FRIDAY, Dec. 16 (HealthDay News) -- HIV-infected drug users are 74 percent more likely to have an overdose than those without HIV, a new evidence review finds.

Behavioral and biological factors may be among the reasons for this increased risk, according to the Rhode Island Hospital researchers. Drug overdose is a frequent cause of non-AIDS death among people with HIV.

The link between HIV infection and drug use is well documented, but the association between HIV and overdose has received less attention and was the focus of this study, which involved a review of 24 previous studies.

"Over the past 30 years, we have made impressive strides in caring for and prolonging the lives of people with HIV. Our study found that premature death by overdose is an issue that affects people with HIV disproportionately," study leader Traci Green, a researcher with Rhode Island Hospital and the Lifespan/Tufts/Brown Center for AIDS Research, said in a hospital news release.

"It is not entirely clear why the risk is greater, and few studies have endeavored to figure out why this might be happening," she added.
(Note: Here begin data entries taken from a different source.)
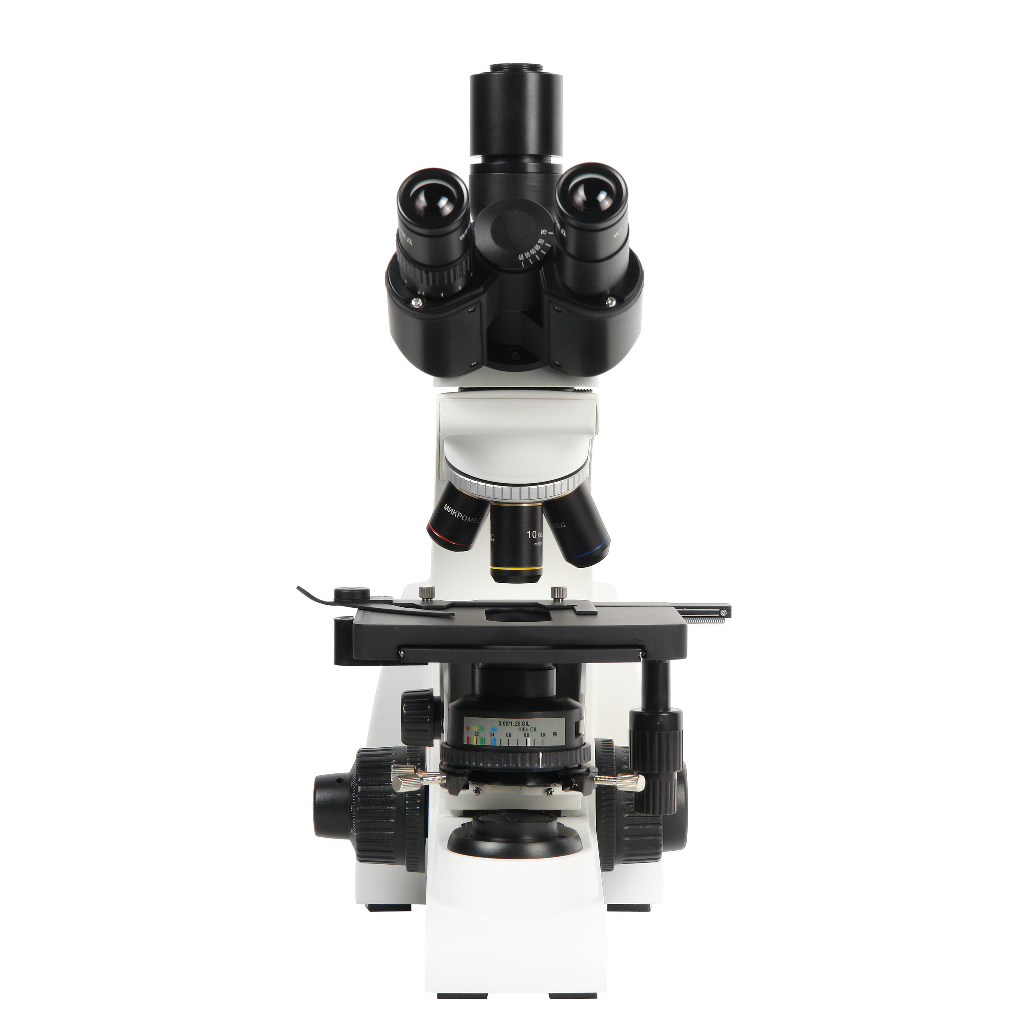 Револьверное устройство на 4 объектива позволяет разместить комплектные ахроматические объективы 4x/0.13; 10x/0.3; 40x/0.7; 100x/1.25 (oil) (с коррекцией на толщину покровного стекла 0,17 мм.)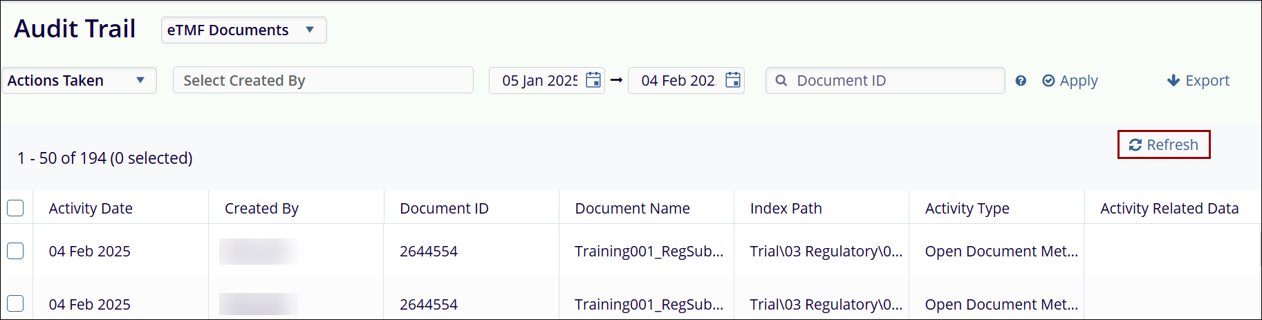 the Refresh button to update the audit trail records as per the newly applied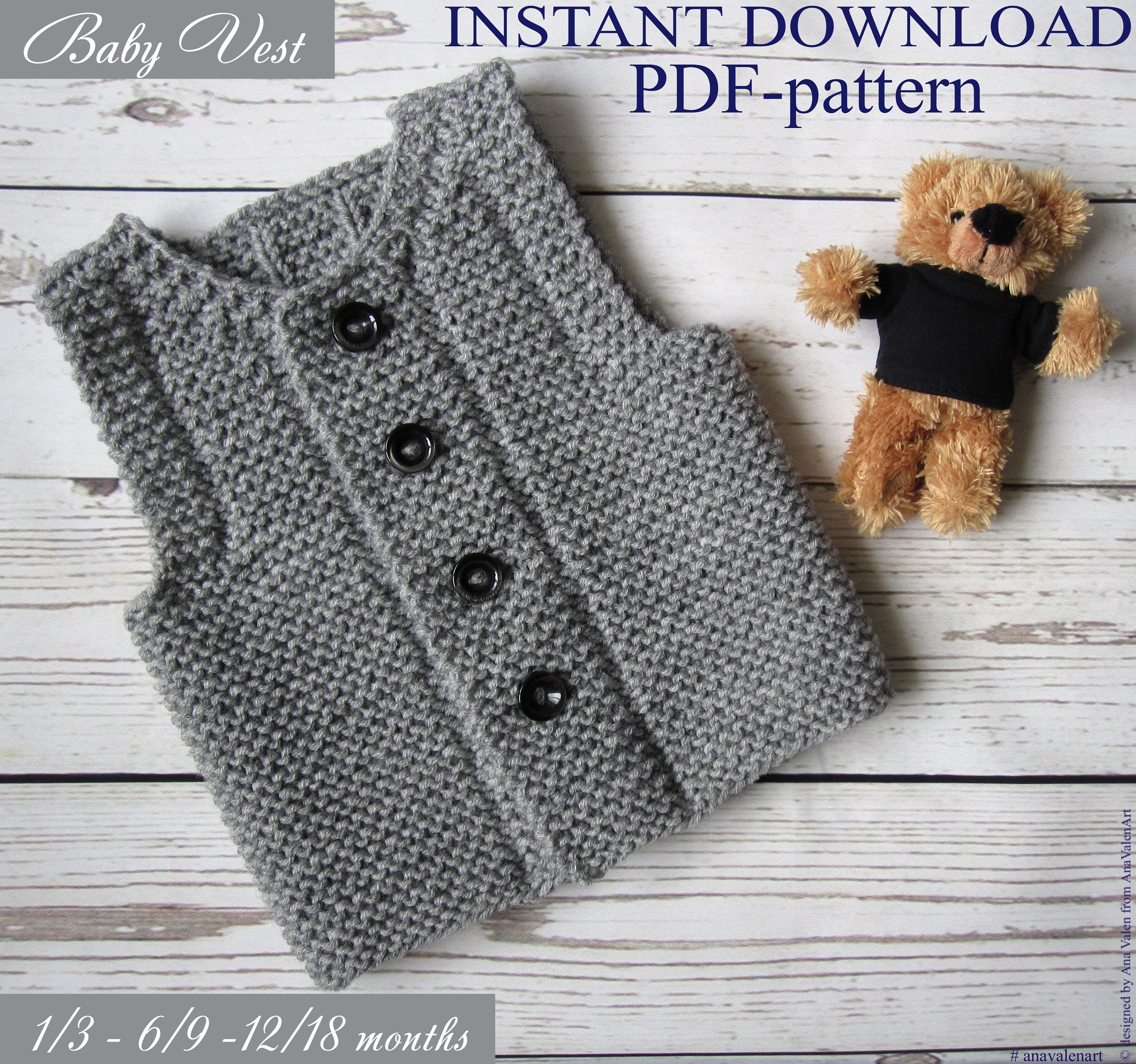 PDF pattern Knit baby vest DIY Baby waistcoat Instant Download Etsy

Biological factors may include clinical status, weakened immune systems, opportunistic infections and poorer physical health among HIV-infected drug users. Some research has suggested that hepatitis C infection and other conditions that affect metabolic ability may also increase the risk of overdose, according to the release.

Behavioral factors -- such as high-risk lifestyles and an increased rate of psychiatric conditions -- may also contribute to the higher risk of overdose among HIV-infected drug users, Green said.

Other possible factors could include homelessness and poverty, and poor access to medications and therapy used to treat opioid dependence, she suggested. Many HIV patients take opioid painkiller drugs as part of their treatment, while others use illegal opioids.

The study appears online in advance of print in the journal AIDS.

"Bringing overdose awareness and prevention into the HIV care setting is critical to reducing overdose deaths," Green said.

"Health care providers who treat HIV-infected patients with a history of substance abuse or who are taking opioid medications should consider counseling patients on how to reduce their risk of overdose. They may also consider prescribing naloxone (Narcan) to patients, or offering a referral to MAT (medication-assisted therapy) to reduce the risk of overdose," she advised.

Naloxone is a prescription medication that reverses an opioid overdose and has no abuse potential.

More information

The New Mexico AIDS Education and Training Center has more about recreational drugs and HIV.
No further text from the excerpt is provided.